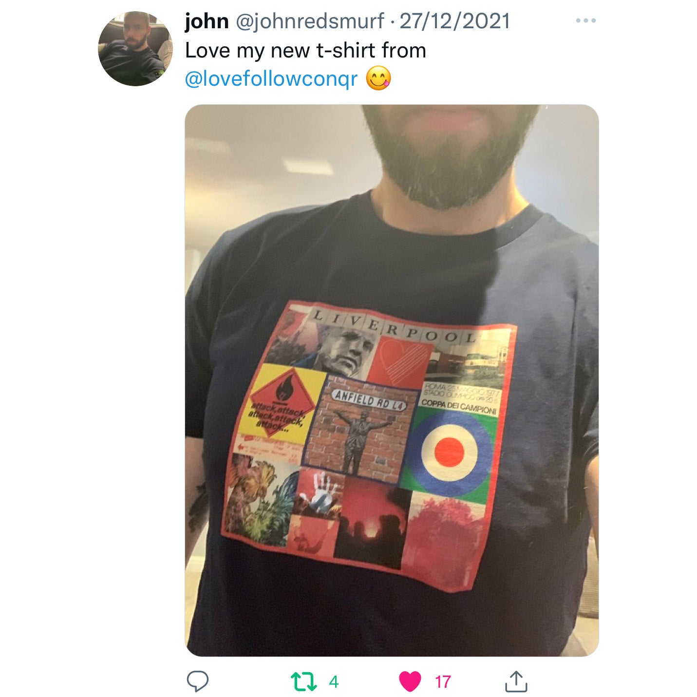 Love Follow Conquer is worn by LFC players, celebrities and 10’s of 1,000’s of Reds from Bootle to Brisbane.
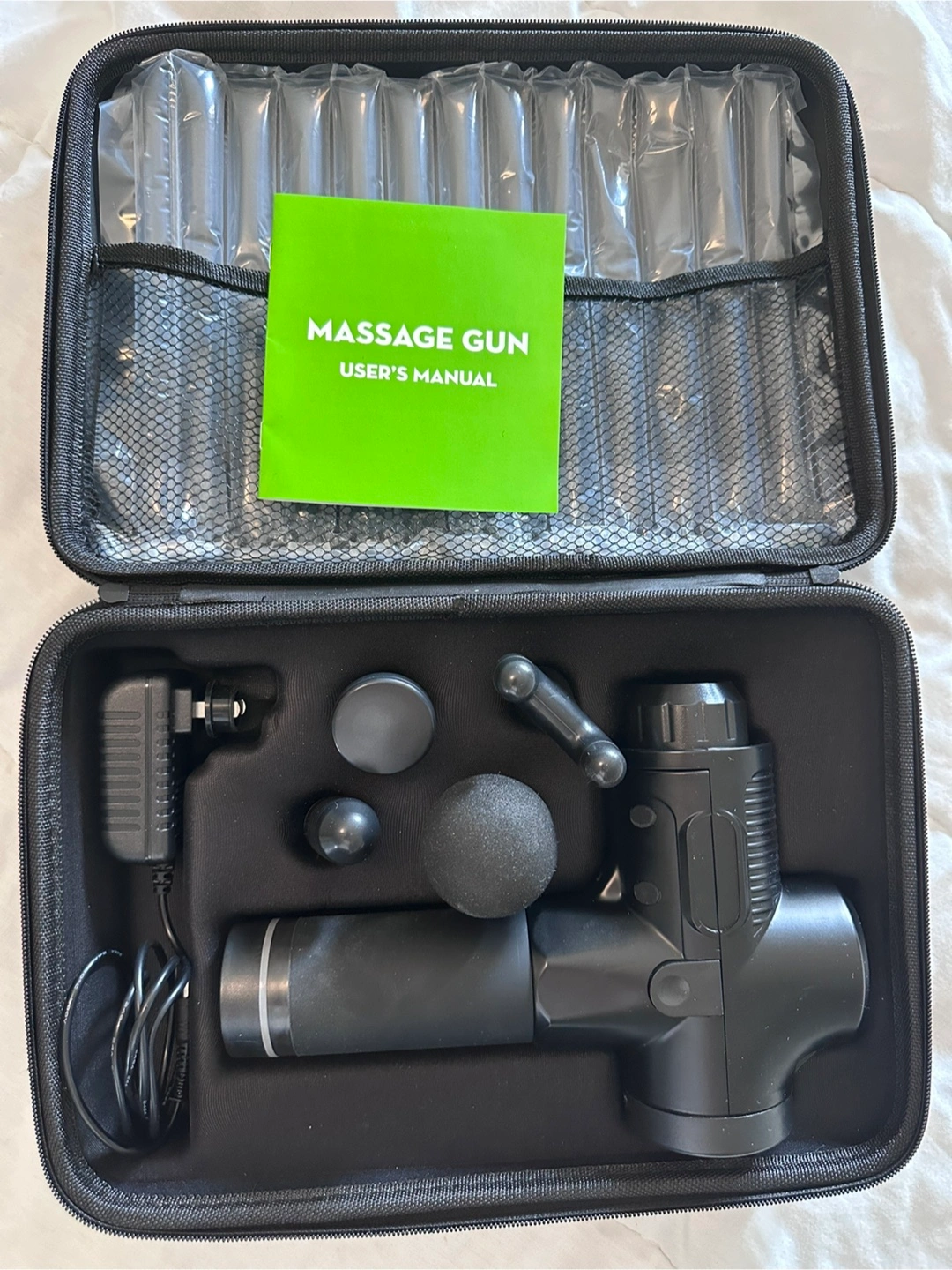 Selling a massage gun in great condition! It comes with its original case, charger, and various attachments for different massage needs. This is perfect for post-workout recovery or just relaxing those tense muscles after a long day.
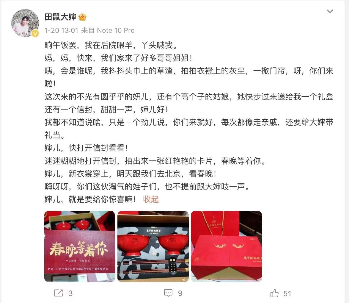 “田鼠大婶”和村民们一起热情款待了前去邀约的工作人员,还线上更新了自己的“日记”,记录下“田鼠大婶”和春晚的故事。
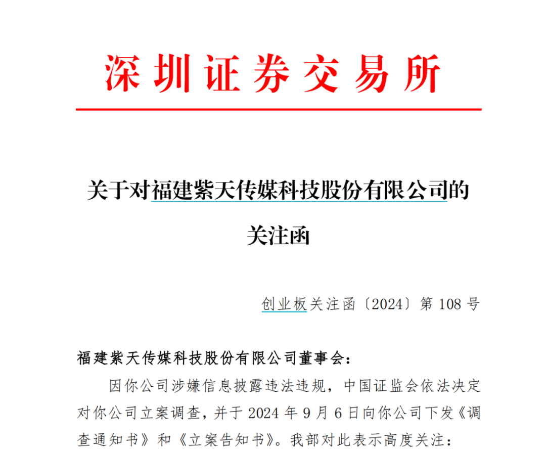上述公告还同时披露了深交所督促紫天科技立即就被立案进行信披的《关注函》,其中并未详述被立案的具体原因。而截至发稿前,距离收到关注函已过去4天有余,紫天科技仍未进行专门披露。
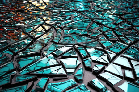 abstract pattern of shattered glass on tile floor, created with generative ai
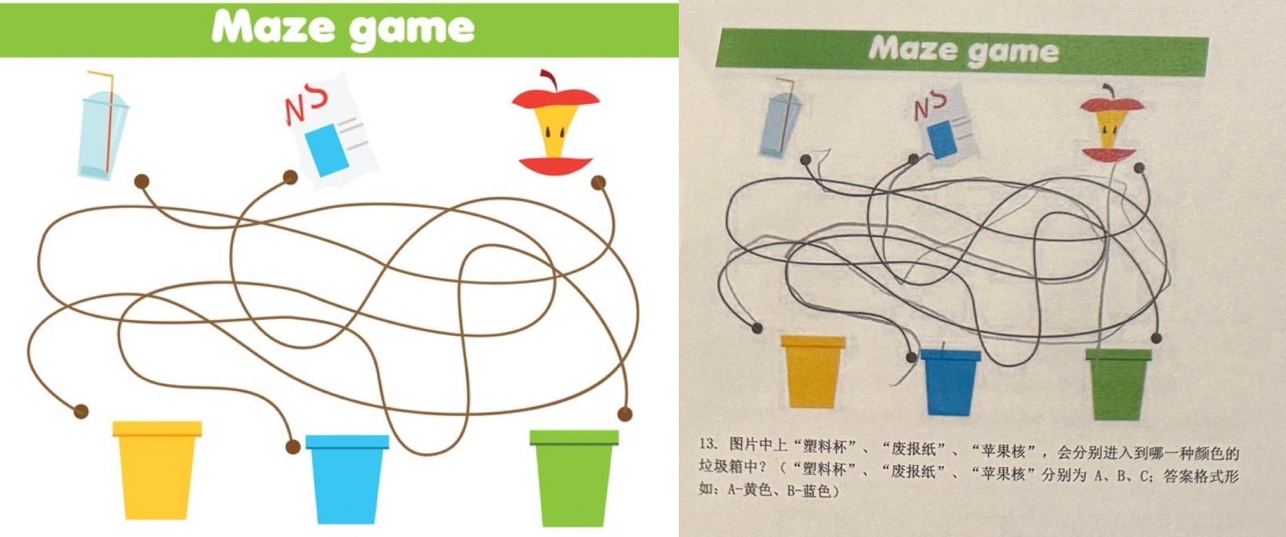 三件物品沿着线分别连到哪个颜色垃圾桶?
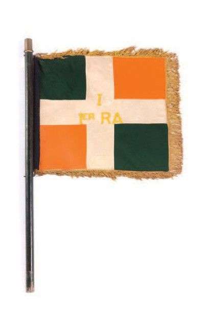 «I Ier RA» Fanion carré, bordé de franges. Les couleurs du verso sont celles de la batterie de réserve. 45 x 44 cm (l'emblème de la hampe est manquante)

INSTRUCTIONS TO FOLLOW
The whole listing is to be written out exactly; the pictures stay out of the copy.

ANSWER SECTION
 Love Follow Conquer is worn by LFC players, celebrities and 10’s of 1,000’s of Reds from Bootle to Brisbane.
 Selling a massage gun in great condition! It comes with its original case, charger, and various attachments for different massage needs. This is perfect for post-workout recovery or just relaxing those tense muscles after a long day.
 “田鼠大婶”和村民们一起热情款待了前去邀约的工作人员,还线上更新了自己的“日记”,记录下“田鼠大婶”和春晚的故事。
上述公告还同时披露了深交所督促紫天科技立即就被立案进行信披的《关注函》,其中并未详述被立案的具体原因。而截至发稿前,距离收到关注函已过去4天有余,紫天科技仍未进行专门披露。
 abstract pattern of shattered glass on tile floor, created with generative ai
 三件物品沿着线分别连到哪个颜色垃圾桶?
 «I Ier RA» Fanion carré, bordé de franges. Les couleurs du verso sont celles de la batterie de réserve. 45 x 44 cm (l'emblème de la hampe est manquante)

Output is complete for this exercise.